Is Apple Losing in This Crucial Market?
Apple’s (NASDAQ:AAPL) third-quarter results revealed that its revenue in the greater China market fell 14 percent from the same quarter last year and declined 43 percent from the March quarter this year, Reuters reports. Although company CEO Tim Cook said in a conference call with investors that “it’s not totally clear exactly what had occurred,” some analysts are now wondering if this revenue decline indicates future trouble for Apple’s fortunes in this crucial emerging market.
Rival smartphone maker Samsung (SSNLF.PK) has secured a 19 percent share of the greater China market, or more than double Apple’s 9 percent share, according to IDC data cited by Reuters. Although Samsung has the advantage of having been involved in the China market longer than Apple, it also benefits from its wide variety of smartphone models in different price ranges.
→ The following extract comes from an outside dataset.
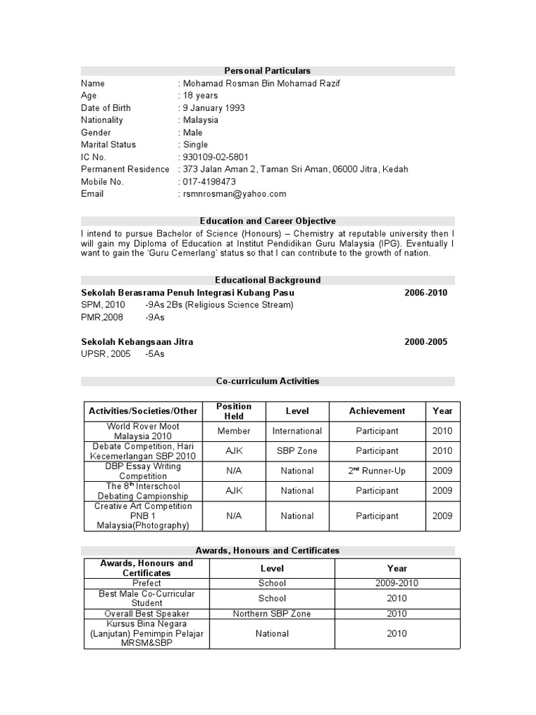 Contoh Resume Lepasan Spm Ringkas Simple Terbaik

Although Apple products have a certain cachet with Chinese consumers, many of them cannot afford the premium-priced iPhone. However, Samsung provides both high and low-end smartphone models, which has allowed the Korea-based company to become deeply entrenched in the Chinese market.
Apple’s elegant but simple iPhone design may even be a weakness in the Chinese market, according to RedTech Advisors’s Michael Clendenin, who spoke to Reuters: “The Chinese just love features. They want their phone to have 50 different things that they’re never going to use. Apple just doesn’t play that game. Unfortunately, if you want to hit the mainstream market in China, and you want a lot of market share percentage points, you have to offer the Swiss army knife of cellphones.”
Apple also faces increasing competition from smaller, low-end smartphone makers. According to data from market research firm IDC, the largest year-over-year increase in the smartphone market came from the China-based Lenovo (LNVGY.PK), which had a 130.6 percent increase in shipments in the past year. Much of this growth can be attributed to sales in its domestic market. Meanwhile, Apple’s year-over-year growth rate of 20 percent was the lowest of all the top five smartphone vendors.
Similarly, China-based ZTE (ZTCOY.PK) achieved 57.8 percent growth due to its sales in the Asia Pacific region. IDC also notes that 44.8 percent of the overall shipment volume in the second quarter of 2013 was attributable to smaller vendors like Huawei, which saw double-digit growth thanks to sales in the emerging markets of India and China.
Despite its recent setback, Apple may soon be gaining a larger portion the greater China market. Apple is widely expected to unveil a mid-range plastic iPhone this fall that could help it establish a greater footprint in the world’s most populous country.